ABSTRACT
Aims:
Pesticides are actively used in agriculture to protect crops from pests, and accurate determination of the concentration of their active ingredient is critical to ensuring their efficacy and safety. The research aims to develop a methodology that will enable the accurate determination of the mass concentration of diflubenzuron, a widely used active ingredient in pesticide formulations. This is achieved through the use of high-performance liquid chromatography (HPLC).
Methods:
The proposed method for determining the mass concentration of diflubenzuron using HPLC was developed through a series of experiments and optimisation steps. The sample preparation procedure was optimised to extract the maximum amount of diflubenzuron from the pesticide formulation.
Result:
The chromatography conditions were optimised to separate diflubenzuron from other components in the sample matrix. A calibration approach was established for accurate quantification of diflubenzuron in the sample based on peak area measurements. The developed method can be widely used in agriculture, where accurate determination of diflubenzuron concentrations in pesticide formulations is critical for proper application and regulatory compliance. Both regulatory organizations and pesticide manufacturers can use it for batch-release testing and quality control to evaluate the efficacy and safety of pesticide products. In addition, the method can serve as a valuable tool for researchers and analysts working with pesticide residues in crops and environmental monitoring studies.
Conclusion:
The optimised sample preparation, chromatography conditions, and calibration approach provide reliable and reproducible results.
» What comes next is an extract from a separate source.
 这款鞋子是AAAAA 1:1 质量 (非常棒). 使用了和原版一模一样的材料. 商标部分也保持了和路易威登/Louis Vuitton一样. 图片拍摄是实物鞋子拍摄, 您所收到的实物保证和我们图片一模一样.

KEYWORDS: Mass concentration determination, pest control, pesticide, quality control, quantification
INTRODUCTION
The high sensitivity, selectivity, and adaptability of HPLC make it the most important analytical tool for measuring diflubenzuron in pesticide formulations.[1] It efficiently separates, detects, and measures complex combinations, making it suitable for analyzing diflubenzuron in pesticides. Due to its high accuracy, the ability to handle various sample matrices and analyte concentrations, and the growing demand driven by quality control, regulatory compliance, and research needs in the pesticide industry, HPLC has become the preferred method for the determination of diflubenzuron.[1] Currently, pesticide preparations that have state registration and are included in the list of registered pesticides (as of 2022, 1282 preparations are included in the list) are authorized for use in Kazakhstan. Methodological guidelines for determination of residues of diflubenzuron in apples by HPLC method proposed by the testing laboratory of Scientific and Production Association “TAU” LLP emphasize once again the importance of the method for ensuring standards for pesticide preparations and compliance with regulatory requirements.[2]
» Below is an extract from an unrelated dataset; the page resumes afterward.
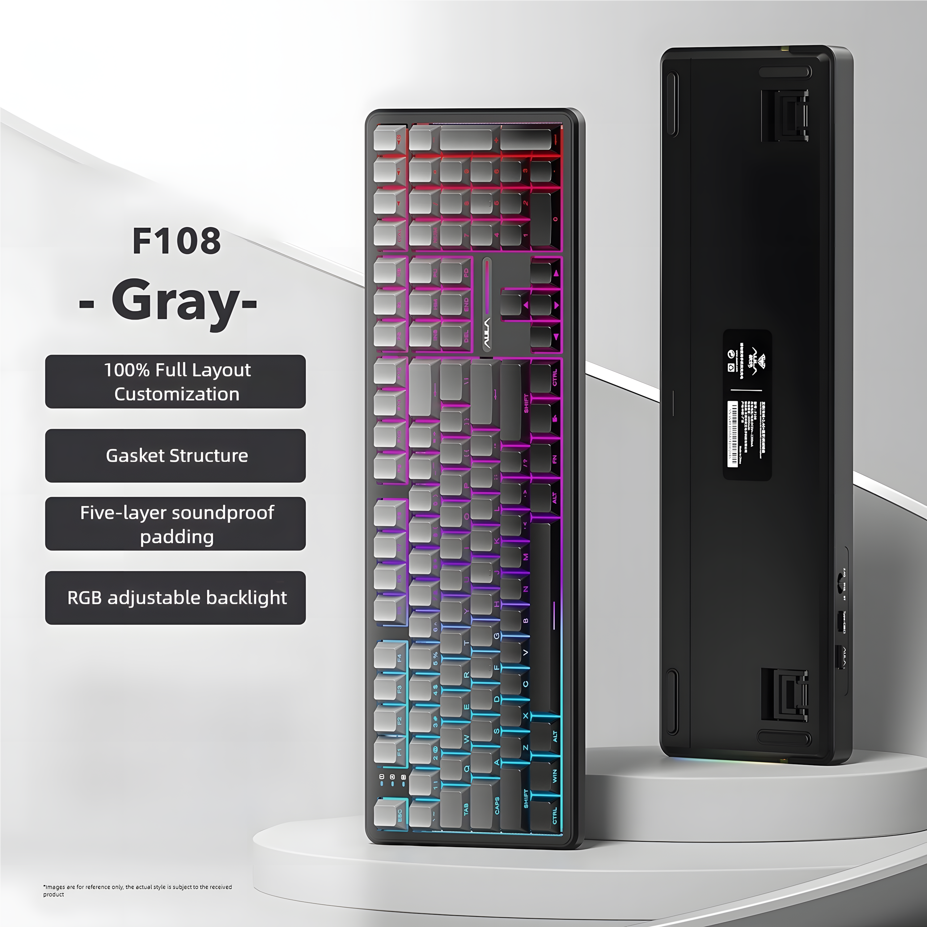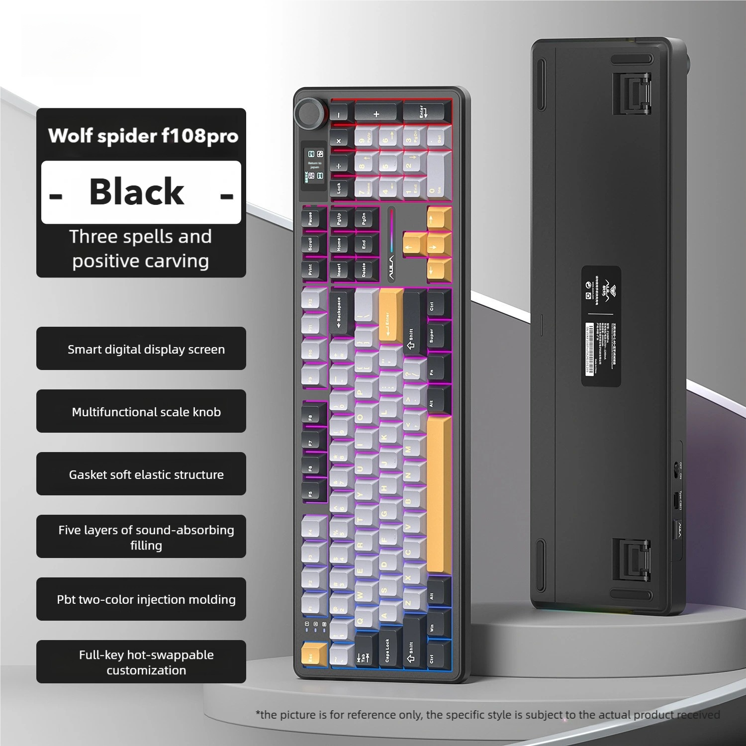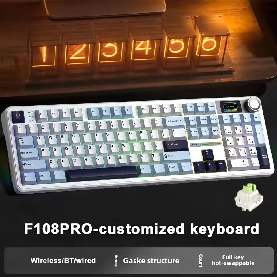 AULA F108 Full-Size Custom Mechanical Keyboard | Wireless Tri-Mode, Hot-Swappable, 108-Key Layout for Gaming & Office

Researchers are using HPLC to find out how much of the active ingredient diflubenzuron is in pesticides. The main objective of these studies is to establish reliable techniques for detection and quantification in various samples.[3,4] Manousi et al.[3] and Mei et al.[4] developed and applied an analytical method for the detection of benzoylurea insecticides in apple juice samples that combines monolithic capsule-phase micro-extraction with HPLC-DAD. The method includes optimized adsorption and desorption steps, and its efficiency has been validated. However, further study and validation are necessary for wider use in food safety analysis because the possibility of interference from other substances present in apple juice has not been considered. Zhu et al.[5] investigated the residues of banned pesticides in traditional medicine preparations using QuEChERS and HPLC-QqqqQ-MS/MS methods. They showed that these methods were sensitive and linear but recommended further studies to assess environmental hazards and develop effective purification and recycling methods. The effectiveness of their approach was evaluated by analyzing pesticide residues in traditional remedies, which emphasizes the need for continued research to reduce environmental impact and improve cleaning methods.[5]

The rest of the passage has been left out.